## [Task prompt]
Begin with the line below holding "Elephants in Cloud" and go on through the line holding "Als u een liefhebber", duplicating each line exactly and leaving out pictures.

## [Data shown]
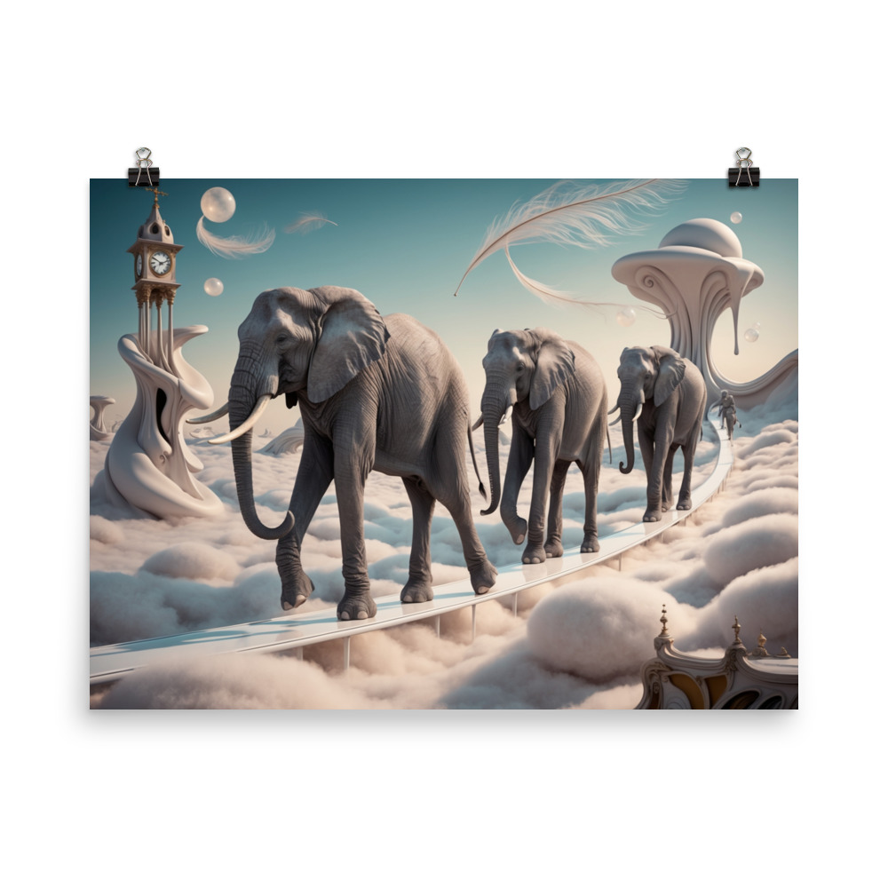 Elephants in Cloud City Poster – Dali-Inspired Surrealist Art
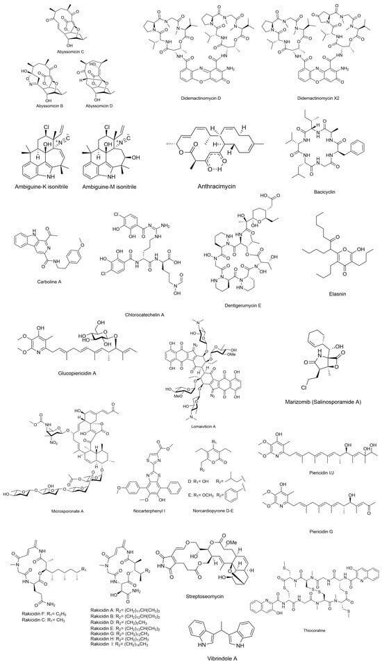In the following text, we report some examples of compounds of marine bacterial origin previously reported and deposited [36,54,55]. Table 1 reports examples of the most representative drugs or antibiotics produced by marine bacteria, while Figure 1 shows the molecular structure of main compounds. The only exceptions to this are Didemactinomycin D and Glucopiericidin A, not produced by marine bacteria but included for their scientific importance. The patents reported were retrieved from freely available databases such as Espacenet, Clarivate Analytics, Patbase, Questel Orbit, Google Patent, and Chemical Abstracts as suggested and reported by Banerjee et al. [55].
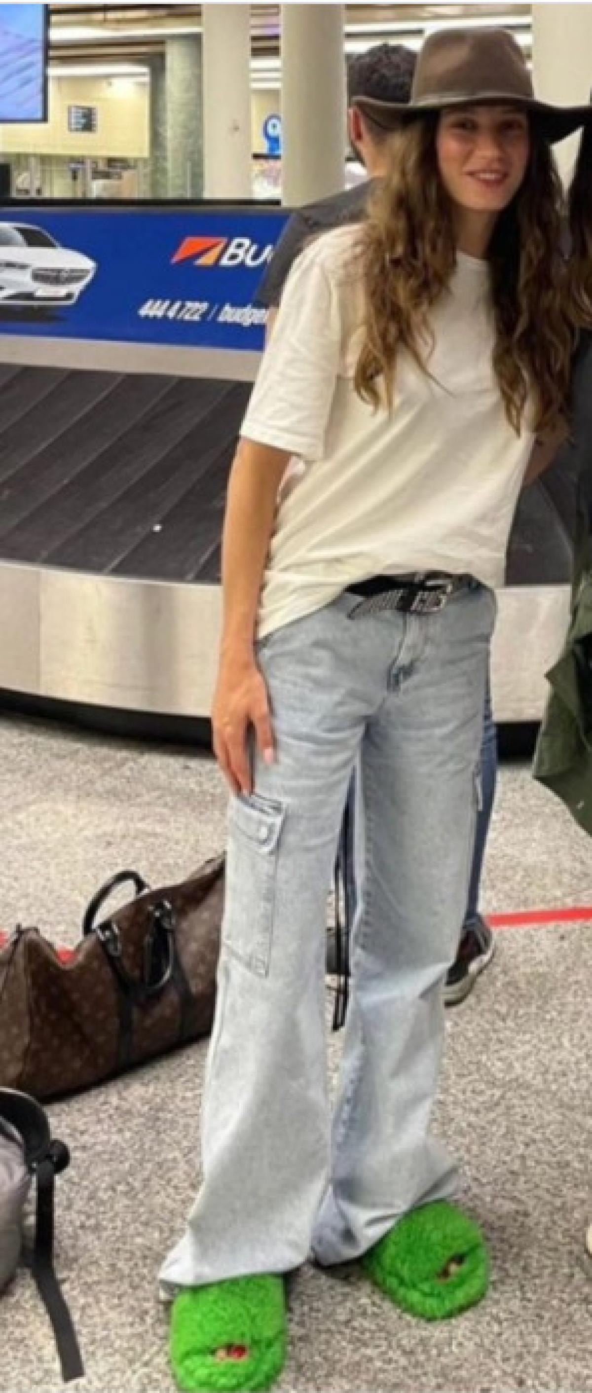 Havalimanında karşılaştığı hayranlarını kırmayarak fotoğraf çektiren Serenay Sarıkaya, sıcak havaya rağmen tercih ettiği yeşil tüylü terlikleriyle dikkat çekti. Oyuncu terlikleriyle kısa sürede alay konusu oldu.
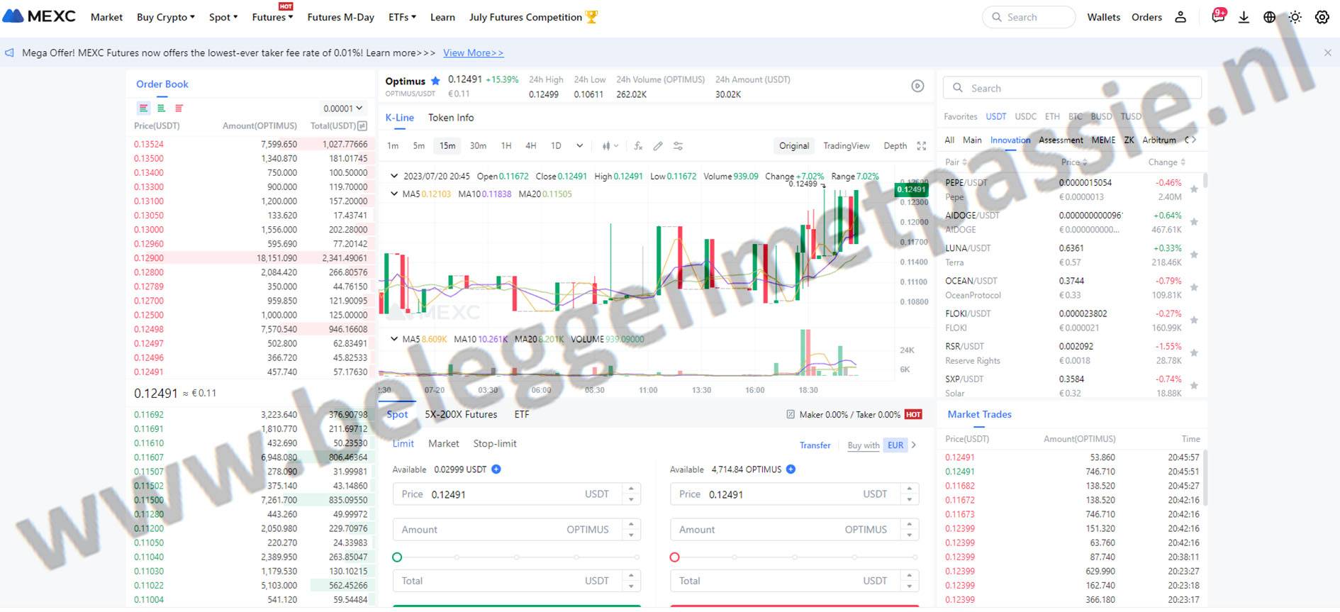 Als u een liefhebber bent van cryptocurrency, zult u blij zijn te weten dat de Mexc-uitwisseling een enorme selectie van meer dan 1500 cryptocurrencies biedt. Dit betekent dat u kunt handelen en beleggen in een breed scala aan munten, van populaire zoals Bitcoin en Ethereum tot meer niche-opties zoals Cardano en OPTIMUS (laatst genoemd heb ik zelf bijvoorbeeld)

...

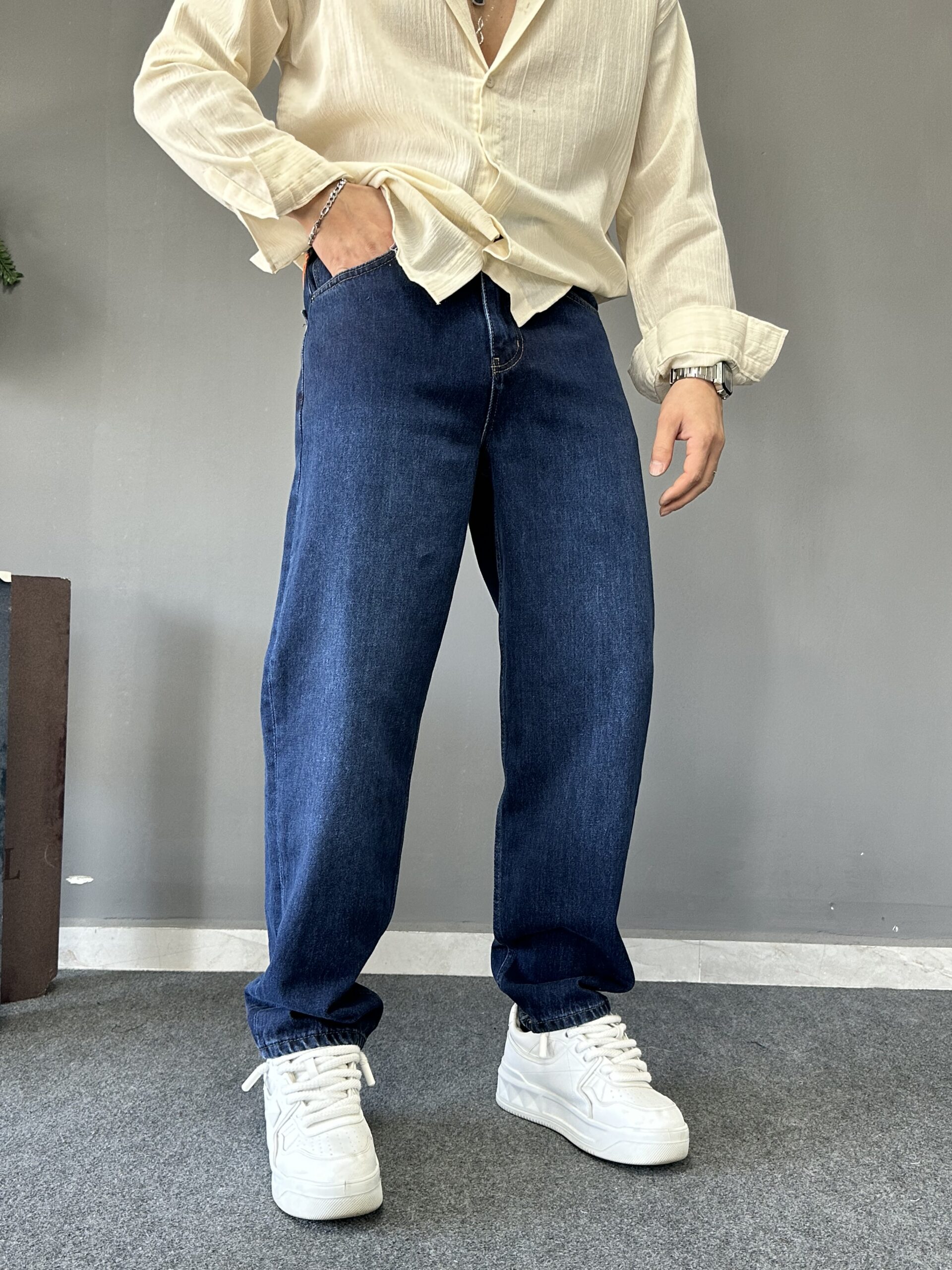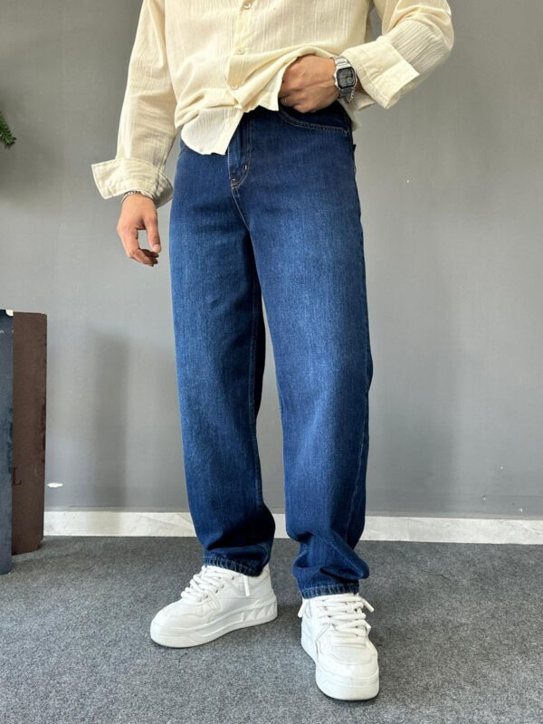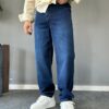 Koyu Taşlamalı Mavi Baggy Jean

## [Answer space]
 Elephants in Cloud City Poster – Dali-Inspired Surrealist Art
In the following text, we report some examples of compounds of marine bacterial origin previously reported and deposited [36,54,55]. Table 1 reports examples of the most representative drugs or antibiotics produced by marine bacteria, while Figure 1 shows the molecular structure of main compounds. The only exceptions to this are Didemactinomycin D and Glucopiericidin A, not produced by marine bacteria but included for their scientific importance. The patents reported were retrieved from freely available databases such as Espacenet, Clarivate Analytics, Patbase, Questel Orbit, Google Patent, and Chemical Abstracts as suggested and reported by Banerjee et al. [55].
 Havalimanında karşılaştığı hayranlarını kırmayarak fotoğraf çektiren Serenay Sarıkaya, sıcak havaya rağmen tercih ettiği yeşil tüylü terlikleriyle dikkat çekti. Oyuncu terlikleriyle kısa sürede alay konusu oldu.
 Als u een liefhebber bent van cryptocurrency, zult u blij zijn te weten dat de Mexc-uitwisseling een enorme selectie van meer dan 1500 cryptocurrencies biedt. Dit betekent dat u kunt handelen en beleggen in een breed scala aan munten, van populaire zoals Bitcoin en Ethereum tot meer niche-opties zoals Cardano en OPTIMUS (laatst genoemd heb ik zelf bijvoorbeeld)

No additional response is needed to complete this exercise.